What to do:
Your answer is to be the exact text of the lines from the one containing "Renkli Kelebekli Kadın Kolye Ve Saç Tokası" through the final line of the entries, restated in full, with pictures omitted.

[Data items]
Content starts

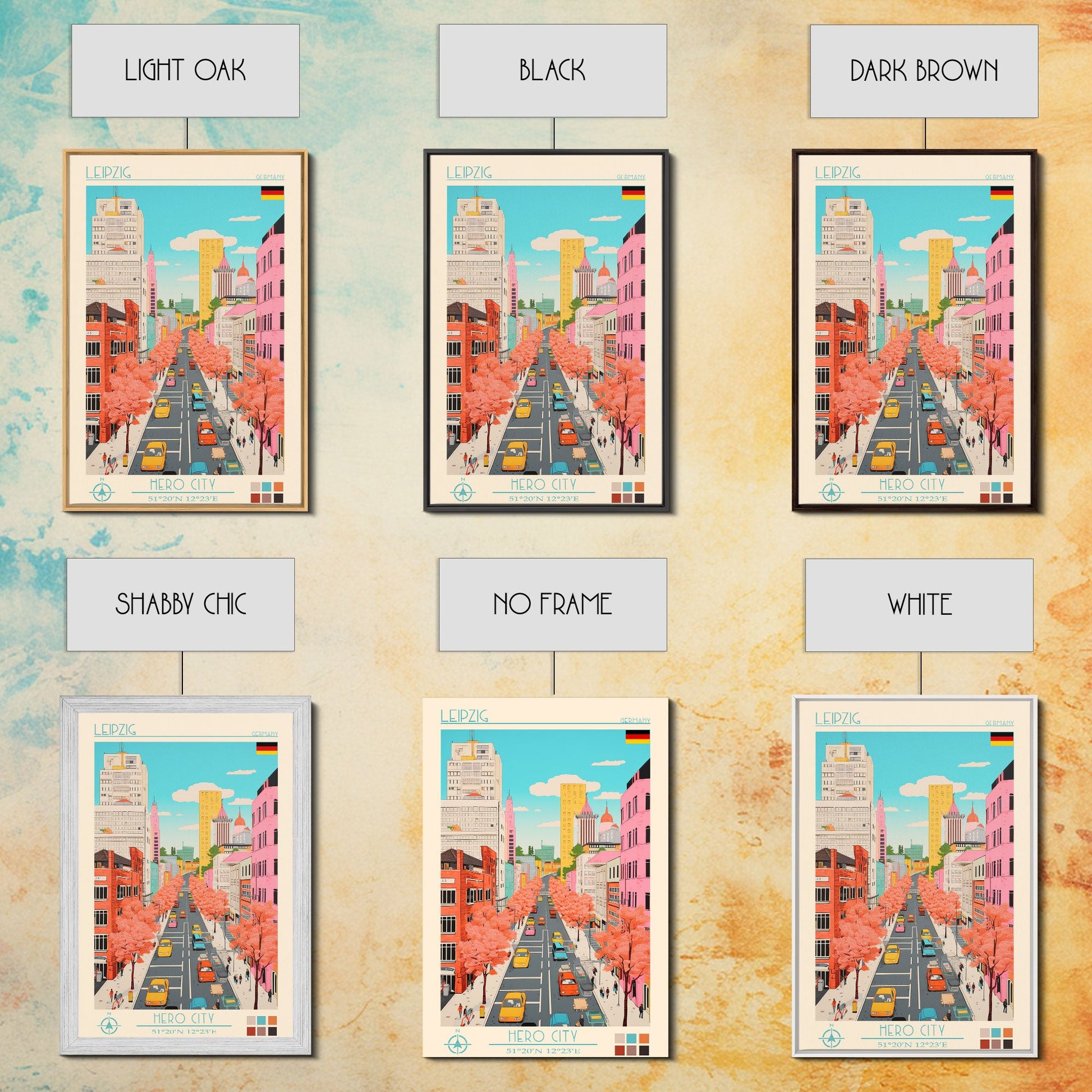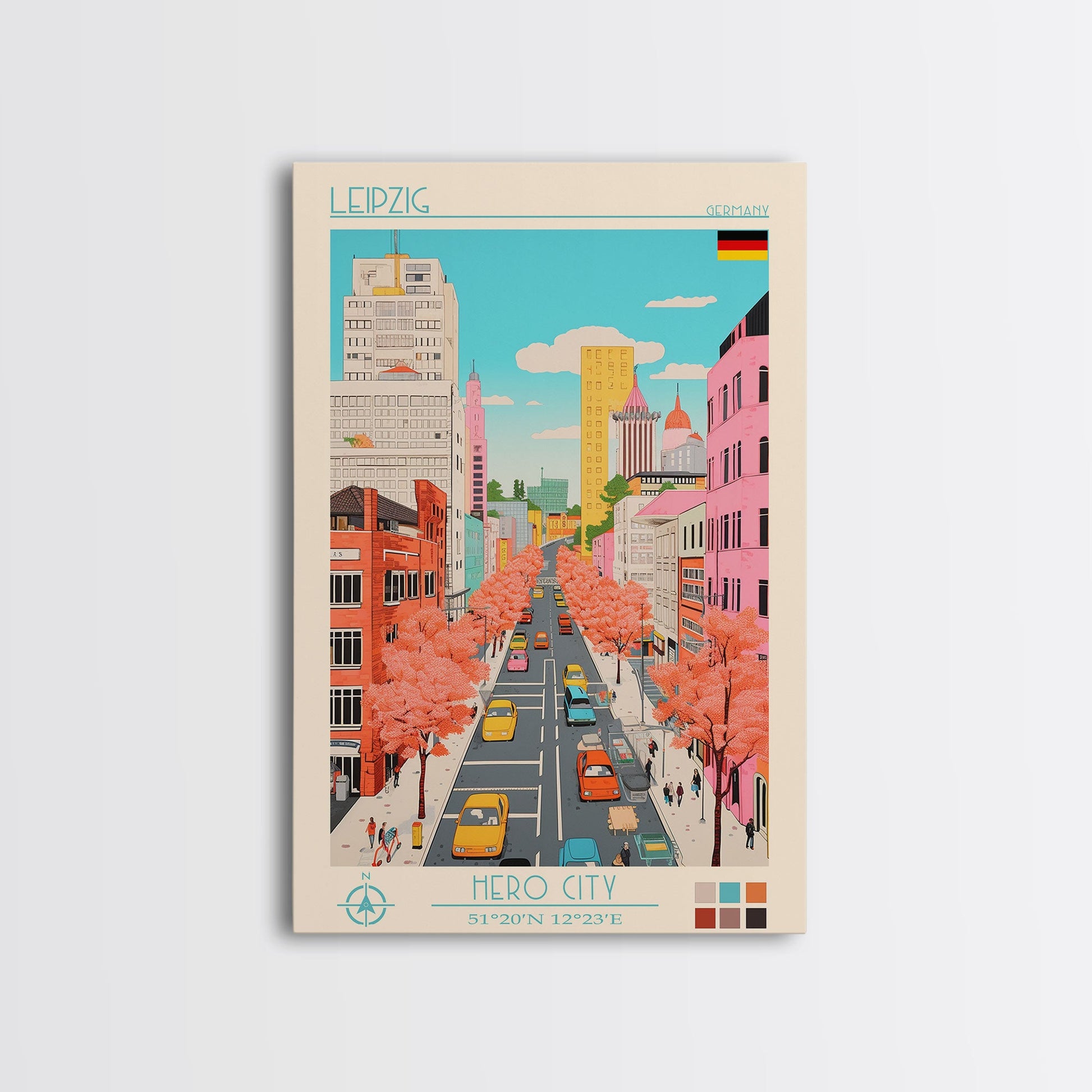 Leipzig Germany Travel Poster Framed Canvas Print, Midcentury Modern Art, Pop Art Wall Decor, Scenic Living Room Art, Bedroom Gift
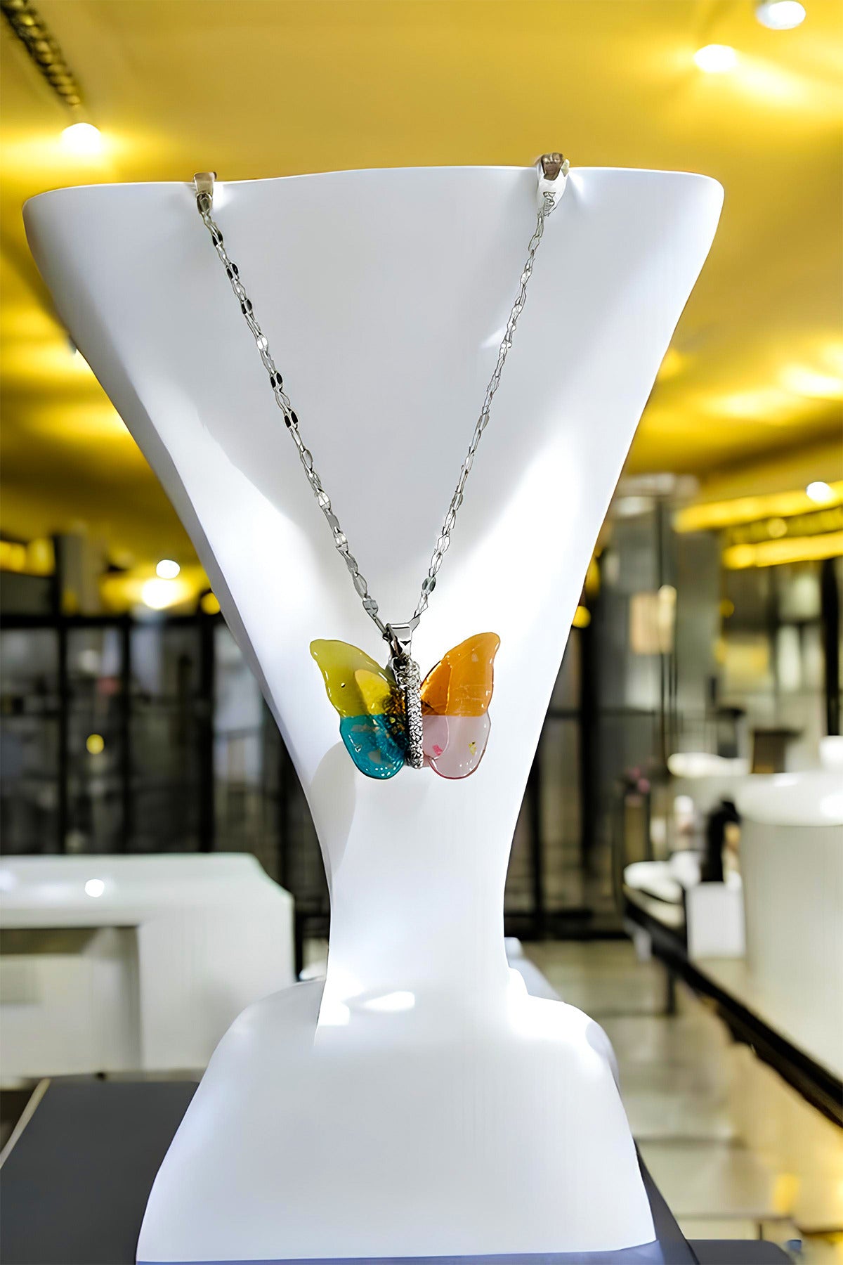 Renkli Kelebekli Kadın Kolye Ve Saç Tokası
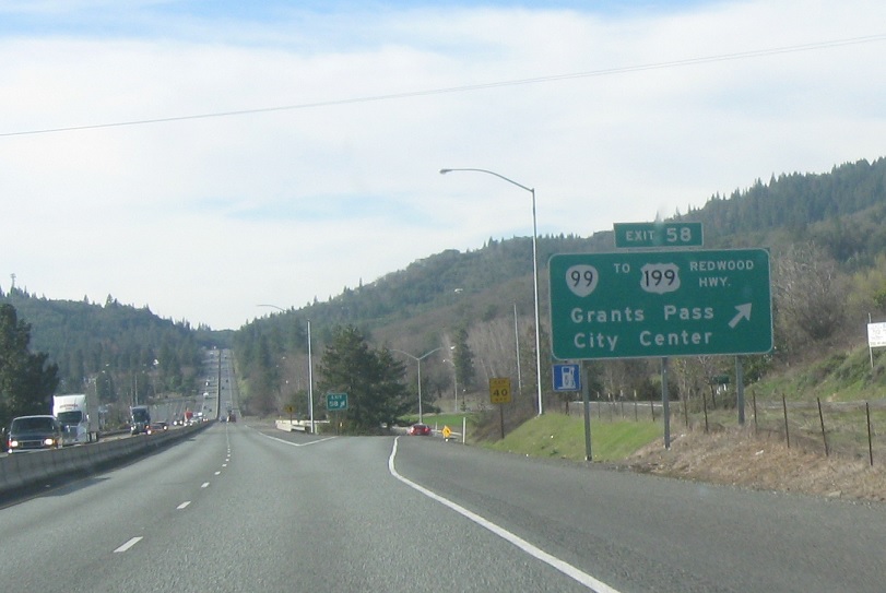 Exit for Oregon 99, which heads south to U.S. 199 and downtown Grants Pass. Oregon 99 north joins I-5 again.
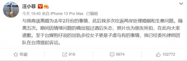 5月30日,汪小菲接连发文,就被传婚内出轨渣男以及与大S离婚原因等事件作出回应。称离婚前与张颖颖在酒吧亲密照为"因情绪问题的确出现过酒后失态",否认出轨多位女子,并表示她已经委托律师在台湾提起诉讼。
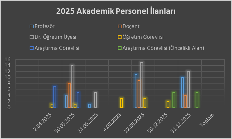 | İlan Tarihi | Profesör | Doçent | Dr. Öğretim Üyesi | Öğretim Görevlisi | Araştırma Görevlisi | Araştırma Görevlisi (Öncelikli Alan) |
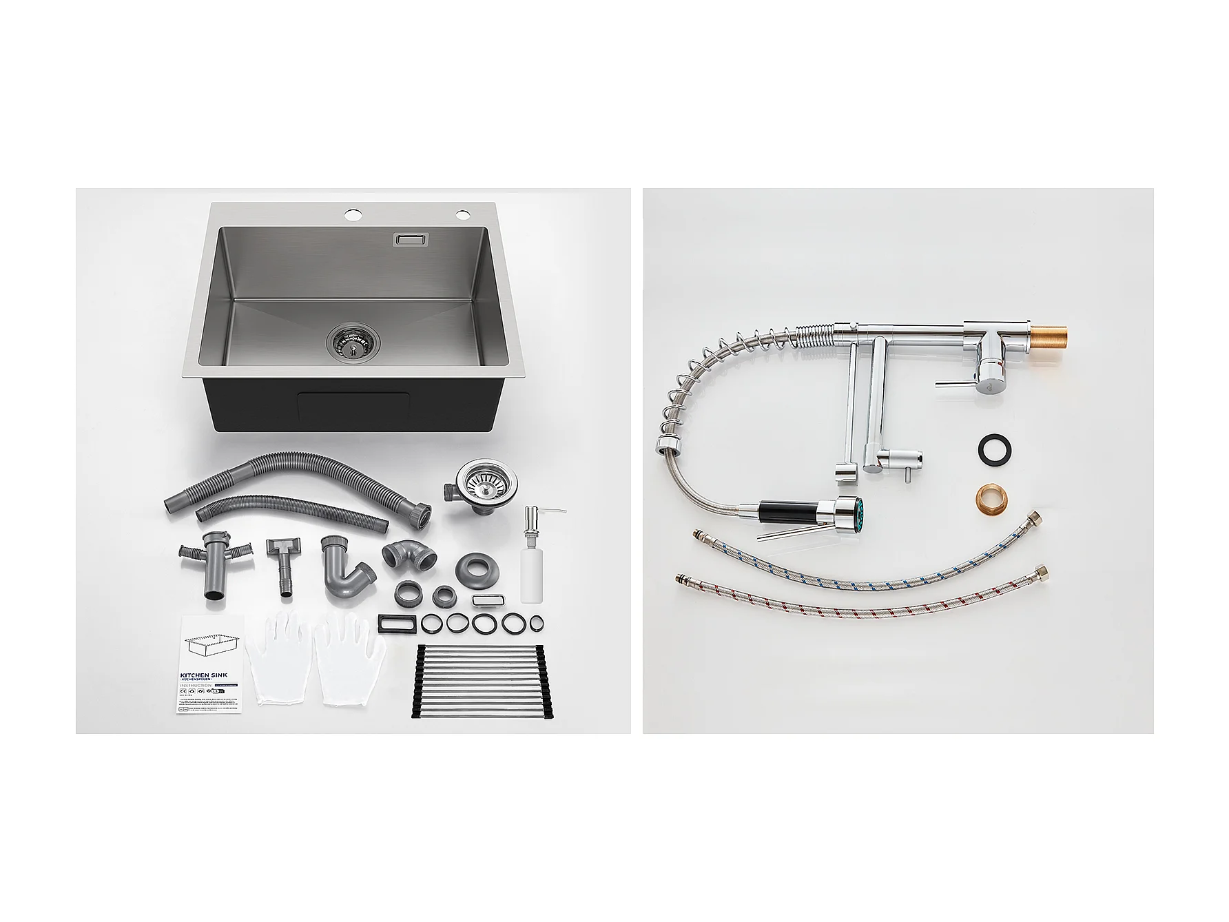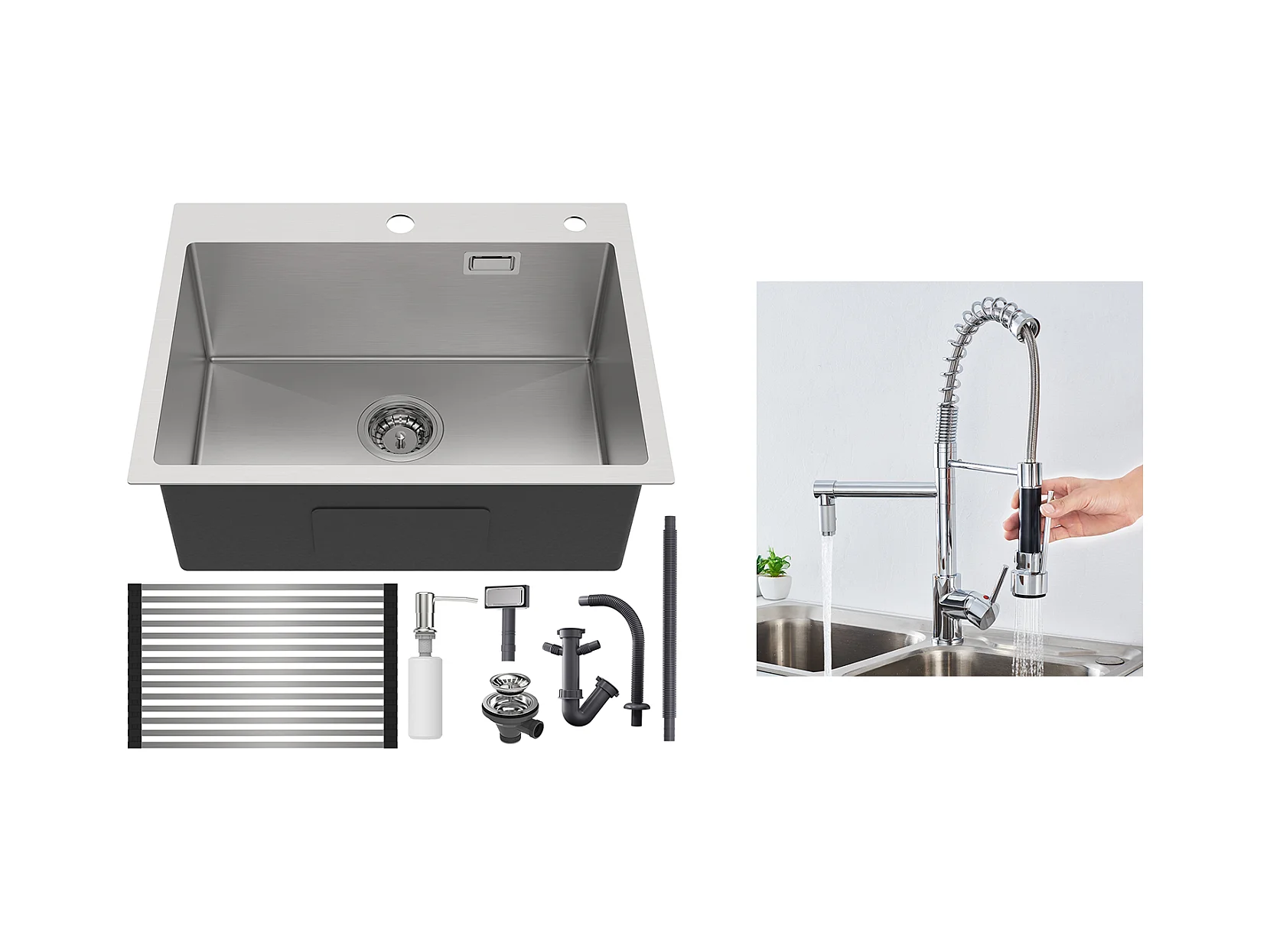 Évier Cuisine 1 Bac Brossé,58*45*18CM,Égouttoir Énroulable,Distributeur Savon+Robinet de Cuisine Flexible Bec Haut Orientable

Content ends

Output of the task:
 Renkli Kelebekli Kadın Kolye Ve Saç Tokası
 Exit for Oregon 99, which heads south to U.S. 199 and downtown Grants Pass. Oregon 99 north joins I-5 again.
 5月30日,汪小菲接连发文,就被传婚内出轨渣男以及与大S离婚原因等事件作出回应。称离婚前与张颖颖在酒吧亲密照为"因情绪问题的确出现过酒后失态",否认出轨多位女子,并表示她已经委托律师在台湾提起诉讼。
 | İlan Tarihi | Profesör | Doçent | Dr. Öğretim Üyesi | Öğretim Görevlisi | Araştırma Görevlisi | Araştırma Görevlisi (Öncelikli Alan) |
 Évier Cuisine 1 Bac Brossé,58*45*18CM,Égouttoir Énroulable,Distributeur Savon+Robinet de Cuisine Flexible Bec Haut Orientable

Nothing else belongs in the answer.